YOUR GOAL
Write the data out again exactly, with every picture removed.
------ SUPPLIED ENTRIES
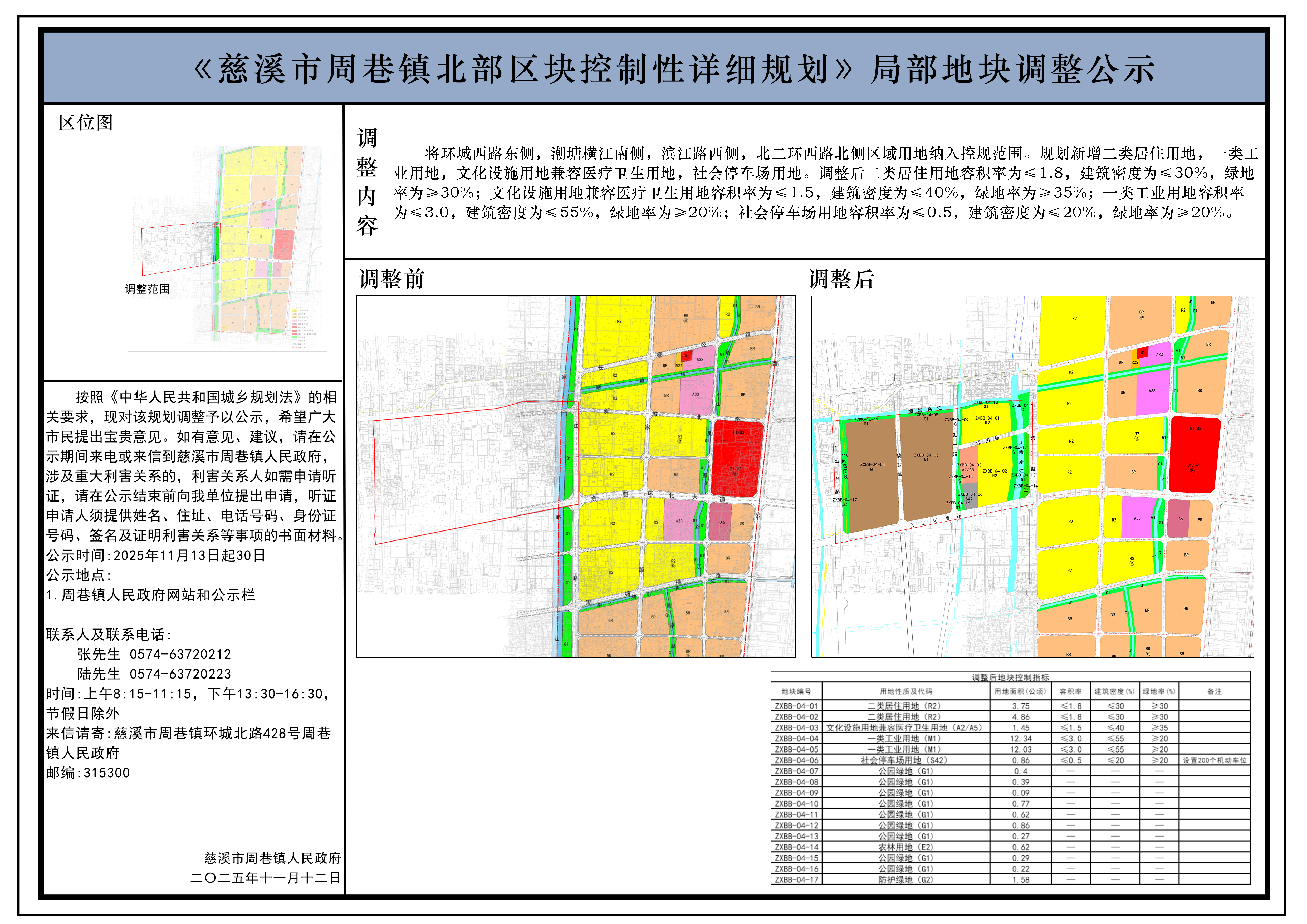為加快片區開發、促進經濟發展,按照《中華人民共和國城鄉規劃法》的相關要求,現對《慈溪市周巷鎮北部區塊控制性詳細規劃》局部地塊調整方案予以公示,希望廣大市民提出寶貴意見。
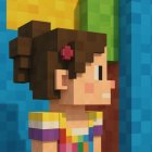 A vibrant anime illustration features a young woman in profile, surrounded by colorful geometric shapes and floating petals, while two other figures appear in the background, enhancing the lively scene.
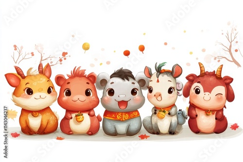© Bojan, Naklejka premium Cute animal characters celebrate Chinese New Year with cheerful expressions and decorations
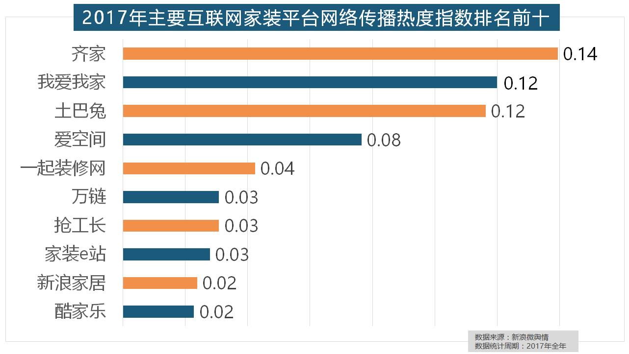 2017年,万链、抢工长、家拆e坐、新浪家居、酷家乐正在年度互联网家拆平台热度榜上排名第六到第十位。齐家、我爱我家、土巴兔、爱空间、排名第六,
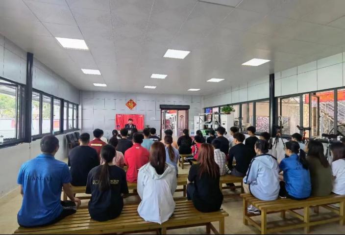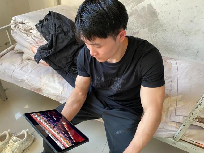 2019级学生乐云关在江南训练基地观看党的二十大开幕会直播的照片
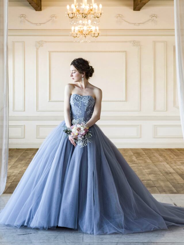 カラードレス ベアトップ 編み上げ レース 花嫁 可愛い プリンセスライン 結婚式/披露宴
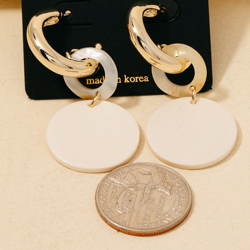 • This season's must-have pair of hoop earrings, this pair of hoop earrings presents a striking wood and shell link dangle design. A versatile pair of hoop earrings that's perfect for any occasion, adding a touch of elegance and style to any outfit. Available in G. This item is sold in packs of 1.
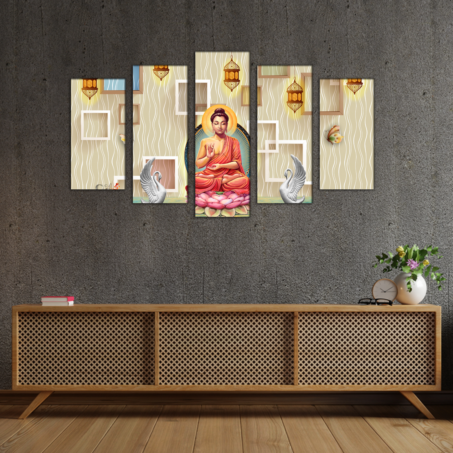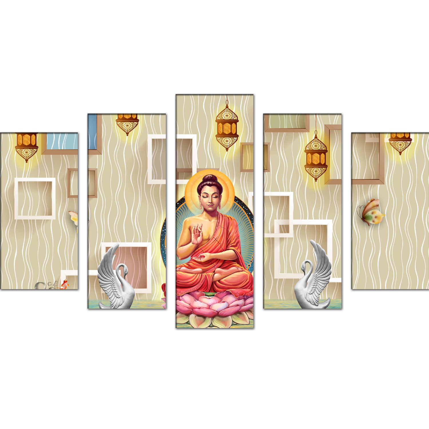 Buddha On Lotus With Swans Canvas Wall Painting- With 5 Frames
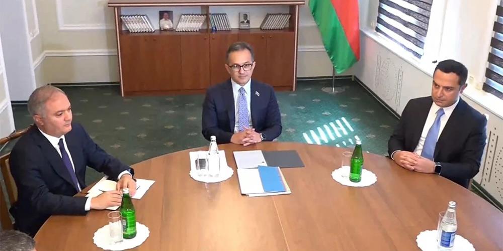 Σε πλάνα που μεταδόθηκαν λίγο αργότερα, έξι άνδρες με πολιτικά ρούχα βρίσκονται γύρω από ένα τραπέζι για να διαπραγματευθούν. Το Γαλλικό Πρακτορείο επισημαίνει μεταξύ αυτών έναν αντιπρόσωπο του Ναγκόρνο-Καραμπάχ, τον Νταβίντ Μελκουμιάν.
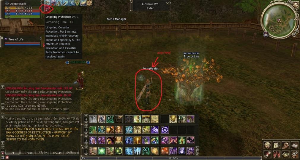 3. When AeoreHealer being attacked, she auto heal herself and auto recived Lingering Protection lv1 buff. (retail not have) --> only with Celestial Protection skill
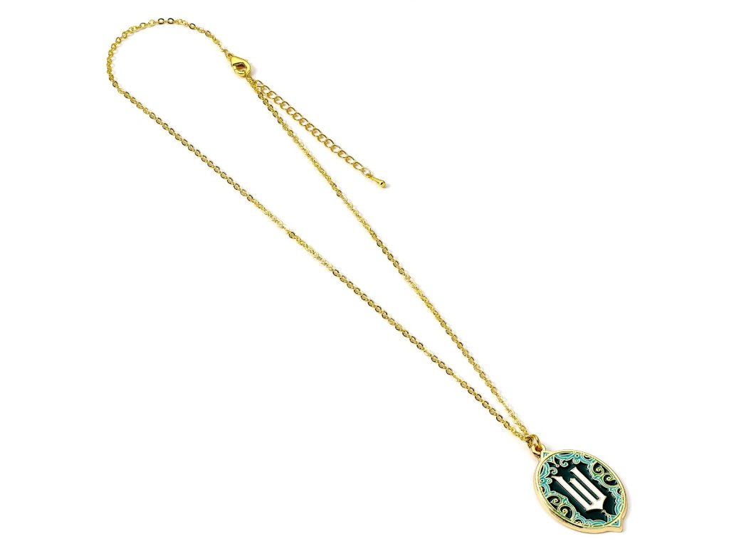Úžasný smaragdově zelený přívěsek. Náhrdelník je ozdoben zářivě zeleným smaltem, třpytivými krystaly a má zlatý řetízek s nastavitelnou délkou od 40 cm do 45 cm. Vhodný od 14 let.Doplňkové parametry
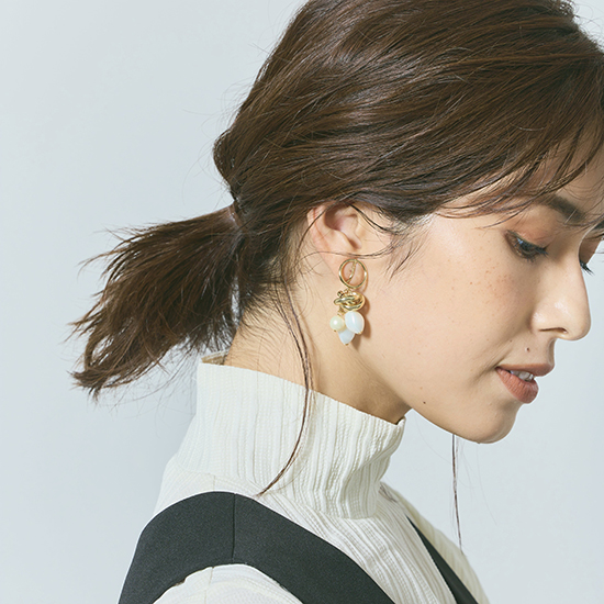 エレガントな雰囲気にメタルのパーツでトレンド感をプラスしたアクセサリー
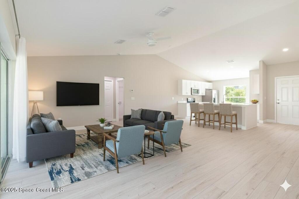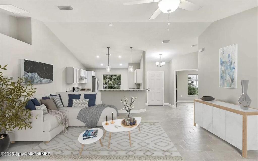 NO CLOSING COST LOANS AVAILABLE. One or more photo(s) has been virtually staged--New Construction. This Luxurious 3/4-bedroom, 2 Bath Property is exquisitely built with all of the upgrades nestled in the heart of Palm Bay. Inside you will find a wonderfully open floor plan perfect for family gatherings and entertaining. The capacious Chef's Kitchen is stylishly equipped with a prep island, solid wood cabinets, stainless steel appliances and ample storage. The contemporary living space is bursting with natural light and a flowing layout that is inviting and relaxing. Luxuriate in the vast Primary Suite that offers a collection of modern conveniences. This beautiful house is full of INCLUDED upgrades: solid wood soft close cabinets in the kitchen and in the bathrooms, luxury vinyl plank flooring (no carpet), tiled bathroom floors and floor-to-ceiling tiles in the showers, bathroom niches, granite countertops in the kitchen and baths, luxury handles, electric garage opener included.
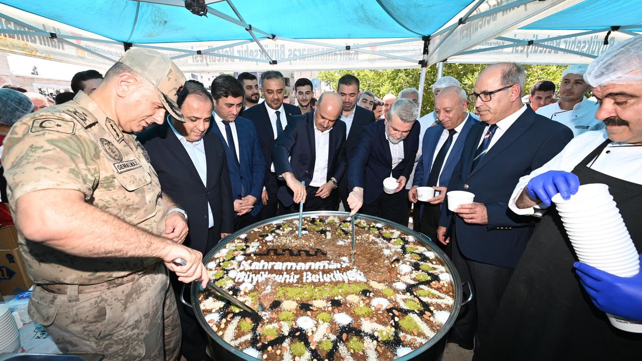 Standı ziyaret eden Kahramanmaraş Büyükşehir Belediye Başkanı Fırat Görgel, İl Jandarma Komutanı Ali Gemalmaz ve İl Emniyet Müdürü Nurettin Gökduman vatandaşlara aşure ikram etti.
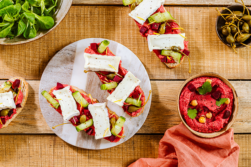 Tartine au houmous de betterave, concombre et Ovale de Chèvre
------------
SOLUTION TO THIS PROBLEM
為加快片區開發、促進經濟發展,按照《中華人民共和國城鄉規劃法》的相關要求,現對《慈溪市周巷鎮北部區塊控制性詳細規劃》局部地塊調整方案予以公示,希望廣大市民提出寶貴意見。
 A vibrant anime illustration features a young woman in profile, surrounded by colorful geometric shapes and floating petals, while two other figures appear in the background, enhancing the lively scene.
© Bojan, Naklejka premium Cute animal characters celebrate Chinese New Year with cheerful expressions and decorations
 2017年,万链、抢工长、家拆e坐、新浪家居、酷家乐正在年度互联网家拆平台热度榜上排名第六到第十位。齐家、我爱我家、土巴兔、爱空间、排名第六,
 2019级学生乐云关在江南训练基地观看党的二十大开幕会直播的照片
 カラードレス ベアトップ 編み上げ レース 花嫁 可愛い プリンセスライン 結婚式/披露宴
 • This season's must-have pair of hoop earrings, this pair of hoop earrings presents a striking wood and shell link dangle design. A versatile pair of hoop earrings that's perfect for any occasion, adding a touch of elegance and style to any outfit. Available in G. This item is sold in packs of 1.
 Buddha On Lotus With Swans Canvas Wall Painting- With 5 Frames
 Σε πλάνα που μεταδόθηκαν λίγο αργότερα, έξι άνδρες με πολιτικά ρούχα βρίσκονται γύρω από ένα τραπέζι για να διαπραγματευθούν. Το Γαλλικό Πρακτορείο επισημαίνει μεταξύ αυτών έναν αντιπρόσωπο του Ναγκόρνο-Καραμπάχ, τον Νταβίντ Μελκουμιάν.
 3. When AeoreHealer being attacked, she auto heal herself and auto recived Lingering Protection lv1 buff. (retail not have) --> only with Celestial Protection skill
Úžasný smaragdově zelený přívěsek. Náhrdelník je ozdoben zářivě zeleným smaltem, třpytivými krystaly a má zlatý řetízek s nastavitelnou délkou od 40 cm do 45 cm. Vhodný od 14 let.Doplňkové parametry
 エレガントな雰囲気にメタルのパーツでトレンド感をプラスしたアクセサリー
 NO CLOSING COST LOANS AVAILABLE. One or more photo(s) has been virtually staged--New Construction. This Luxurious 3/4-bedroom, 2 Bath Property is exquisitely built with all of the upgrades nestled in the heart of Palm Bay. Inside you will find a wonderfully open floor plan perfect for family gatherings and entertaining. The capacious Chef's Kitchen is stylishly equipped with a prep island, solid wood cabinets, stainless steel appliances and ample storage. The contemporary living space is bursting with natural light and a flowing layout that is inviting and relaxing. Luxuriate in the vast Primary Suite that offers a collection of modern conveniences. This beautiful house is full of INCLUDED upgrades: solid wood soft close cabinets in the kitchen and in the bathrooms, luxury vinyl plank flooring (no carpet), tiled bathroom floors and floor-to-ceiling tiles in the showers, bathroom niches, granite countertops in the kitchen and baths, luxury handles, electric garage opener included.
 Standı ziyaret eden Kahramanmaraş Büyükşehir Belediye Başkanı Fırat Görgel, İl Jandarma Komutanı Ali Gemalmaz ve İl Emniyet Müdürü Nurettin Gökduman vatandaşlara aşure ikram etti.
 Tartine au houmous de betterave, concombre et Ovale de Chèvre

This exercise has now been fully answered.